▶ TASK TO COMPLETE
Reproduce the records exactly. Leave the pictures out.

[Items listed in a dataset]
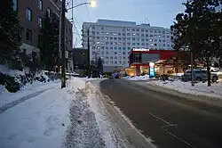 Although not a part of the campus, a private family residence was almost entirely encircled by the hospital complex, just south of the neighboring Women's Health Center until 2024. This four-story home was called "Mary's Place," after Mary Gianetsas, who lived in the house until her death in the hospital next door in 1991; Mary, an immigrant from Greece, purchased the home in 1944 for $20,000 ($357,240 in 2024 dollars) and resisted the pressure to sell the property for 50 years from the expanding hospital.[12] She had rebuffed an initial offer of $200,000 in 1960 ($2.13 million in 2024 dollars) when Sacred Heart had planned a major expansion with a new patient tower, the resistance to sell has resulted in campus redesigns-causing unusual architectural decisions and challenges to design around.[12] Mary's son, George told the press that "she loved that house...she just did not want to sell it...that's where she wanted to die." The home was demolished in 2024 to make way for a parking lot. The owner at the time of demolition, Diamond Parking, purchased the property for $4.5 million. After demolition of the main house in May 2024, all that remains of the structure is the carriage house, which will be converted into a rental property for traveling nurses.[13]
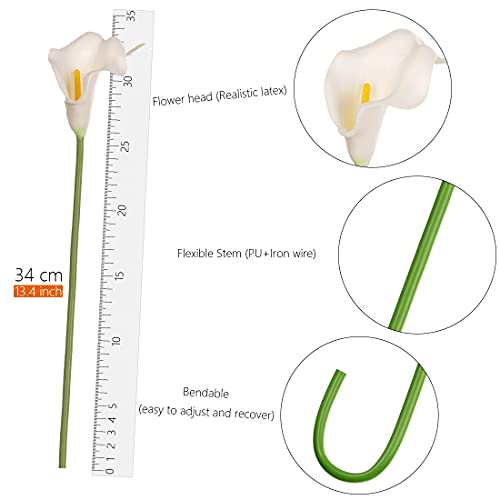 Ogni confezione contiene 24 pezzi di finte in lattice per decorazioni a stelo singolo (vaso non incluso). Abbiamo diverse opzioni di colore, calle fiore artificiale per decorazioni anniversario matrimonio Real Touch come veri bouquet finte calle di fiori realistici, questi fiori sembrano molto pieni e morbidi al tatto.
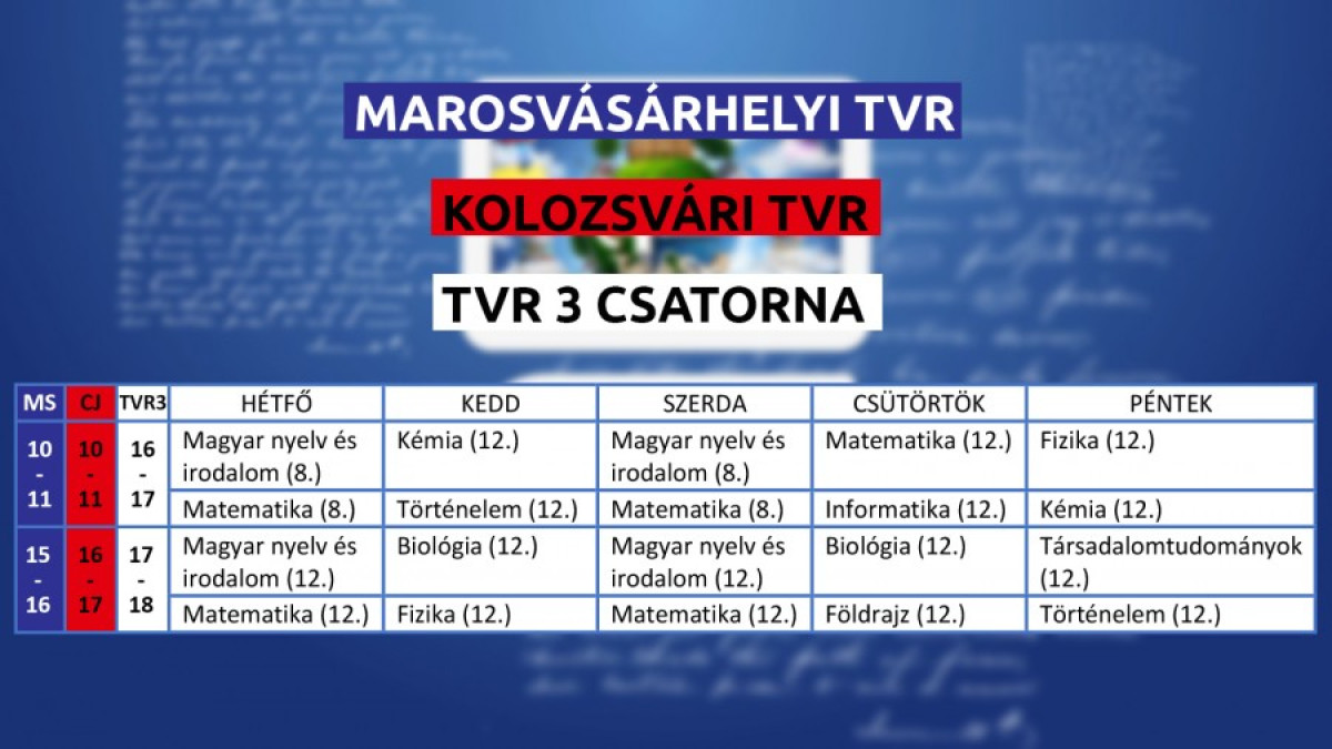 A nyolcadikos diákok számára magyar, illetve matematika órákat közvetít a román televízió, a tizenkettedikeseknek pedig magyar, matematika, biológia, fizika, kémia, társadalomtudomány és történelemórákat tartanak az adások keretében.
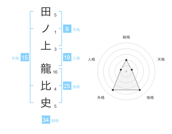 田ノ上 龍比史さんを姓名の画数から五運を鑑定
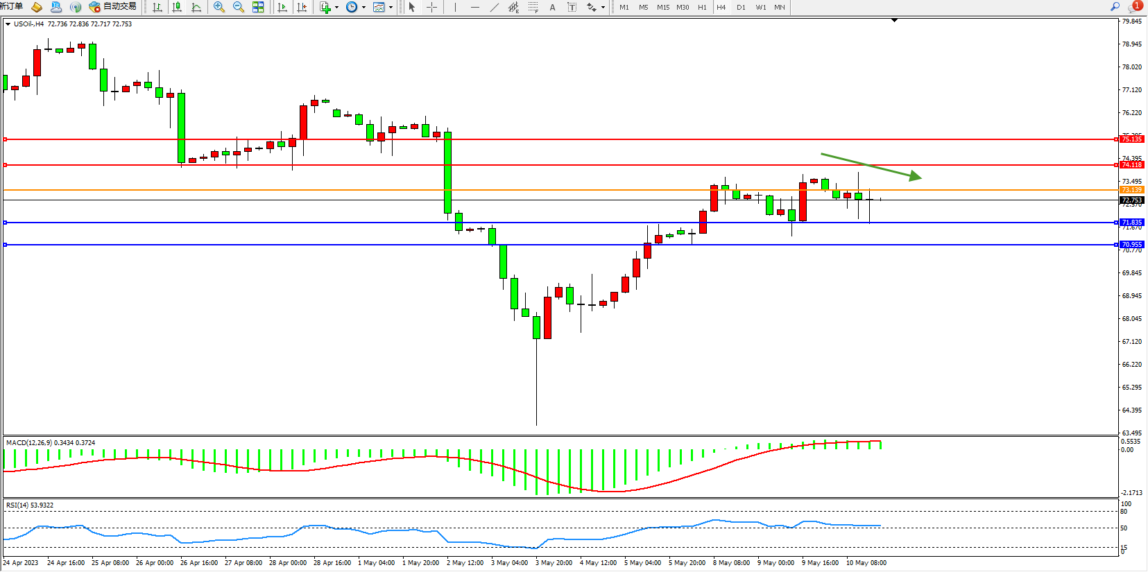 交易策略:73.139下方看跌,目标71.835 70.955
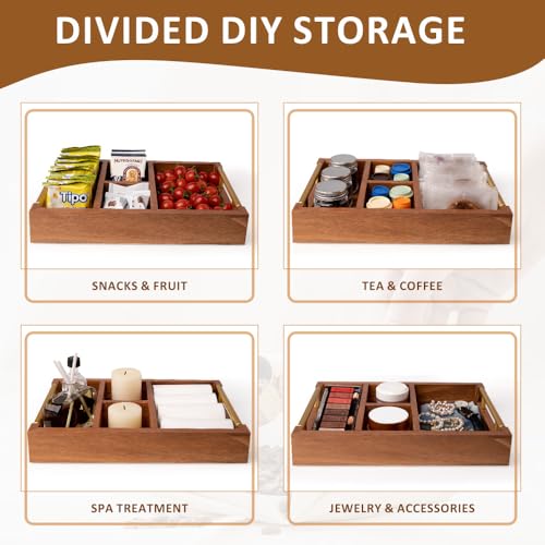 BARGIFTS - منظم ركن القهوة مزود بمقبض، منظم اكسسوارات بار خشبية بأربعة أقسام لسطح الطاولة، سلة لحمل كبسولات للسكر والشاي والزجاجات، من بير جيفتس لون بني
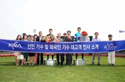 부산경남경마공원에 데뷔한 후지이 기수와 김현중기수가 6.22(금)에 나란히 부산경남경마공원에서 경마고객 소개 행사를 가졌다. 후지이 기수는 일본인으로는 드물게 호주경마교육학교에서 기수 면허를 취득, 2001년 호주경마에 정식 데뷔 통산 3421전 280승을 거두고 2007년도에는 싱가폴에서도 활약한 바 있는 중견기수이며, 김현중 기수는 한국마사고를 졸업하고 지난 5월 기수면허를 취득한 신인 기수다. 한편 김현중 기수는 이날 6경주에 ‘쇼우타임’(한, 암, 3세, 19조 김영관 조교사 소속)에 첫 기승하여 3위로 입상하는 기염을 터뜨려 이날 행사에 참석한 가족들을 들뜨게 했다. 후지이기수도 이번주 금요경마일인 6월 29일(금)부터 적응훈련을 마치고 부경경마공원에서의 첫 기승이 예정되어있다.
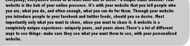 Welcome to your one stop shop for Webresentation. Whether you're looking to bring customers to your store, friends to your parties or clients to your services, we offer all the information that you need, and a lot of cool services of our own. Use our Webresent Calculator to help determine what kind of webresentation works best for you, then spend some time creating your online package. And if you need some help, rememeber there is always someone available to make sure you are properly Webresented !

▶ ANSWER TO THIS PROBLEM
 Although not a part of the campus, a private family residence was almost entirely encircled by the hospital complex, just south of the neighboring Women's Health Center until 2024. This four-story home was called "Mary's Place," after Mary Gianetsas, who lived in the house until her death in the hospital next door in 1991; Mary, an immigrant from Greece, purchased the home in 1944 for $20,000 ($357,240 in 2024 dollars) and resisted the pressure to sell the property for 50 years from the expanding hospital.[12] She had rebuffed an initial offer of $200,000 in 1960 ($2.13 million in 2024 dollars) when Sacred Heart had planned a major expansion with a new patient tower, the resistance to sell has resulted in campus redesigns-causing unusual architectural decisions and challenges to design around.[12] Mary's son, George told the press that "she loved that house...she just did not want to sell it...that's where she wanted to die." The home was demolished in 2024 to make way for a parking lot. The owner at the time of demolition, Diamond Parking, purchased the property for $4.5 million. After demolition of the main house in May 2024, all that remains of the structure is the carriage house, which will be converted into a rental property for traveling nurses.[13]
 Ogni confezione contiene 24 pezzi di finte in lattice per decorazioni a stelo singolo (vaso non incluso). Abbiamo diverse opzioni di colore, calle fiore artificiale per decorazioni anniversario matrimonio Real Touch come veri bouquet finte calle di fiori realistici, questi fiori sembrano molto pieni e morbidi al tatto.
 A nyolcadikos diákok számára magyar, illetve matematika órákat közvetít a román televízió, a tizenkettedikeseknek pedig magyar, matematika, biológia, fizika, kémia, társadalomtudomány és történelemórákat tartanak az adások keretében.
 田ノ上 龍比史さんを姓名の画数から五運を鑑定
 交易策略:73.139下方看跌,目标71.835 70.955
 BARGIFTS - منظم ركن القهوة مزود بمقبض، منظم اكسسوارات بار خشبية بأربعة أقسام لسطح الطاولة، سلة لحمل كبسولات للسكر والشاي والزجاجات، من بير جيفتس لون بني
 부산경남경마공원에 데뷔한 후지이 기수와 김현중기수가 6.22(금)에 나란히 부산경남경마공원에서 경마고객 소개 행사를 가졌다. 후지이 기수는 일본인으로는 드물게 호주경마교육학교에서 기수 면허를 취득, 2001년 호주경마에 정식 데뷔 통산 3421전 280승을 거두고 2007년도에는 싱가폴에서도 활약한 바 있는 중견기수이며, 김현중 기수는 한국마사고를 졸업하고 지난 5월 기수면허를 취득한 신인 기수다. 한편 김현중 기수는 이날 6경주에 ‘쇼우타임’(한, 암, 3세, 19조 김영관 조교사 소속)에 첫 기승하여 3위로 입상하는 기염을 터뜨려 이날 행사에 참석한 가족들을 들뜨게 했다. 후지이기수도 이번주 금요경마일인 6월 29일(금)부터 적응훈련을 마치고 부경경마공원에서의 첫 기승이 예정되어있다.
 Welcome to your one stop shop for Webresentation. Whether you're looking to bring customers to your store, friends to your parties or clients to your services, we offer all the information that you need, and a lot of cool services of our own. Use our Webresent Calculator to help determine what kind of webresentation works best for you, then spend some time creating your online package. And if you need some help, rememeber there is always someone available to make sure you are properly Webresented !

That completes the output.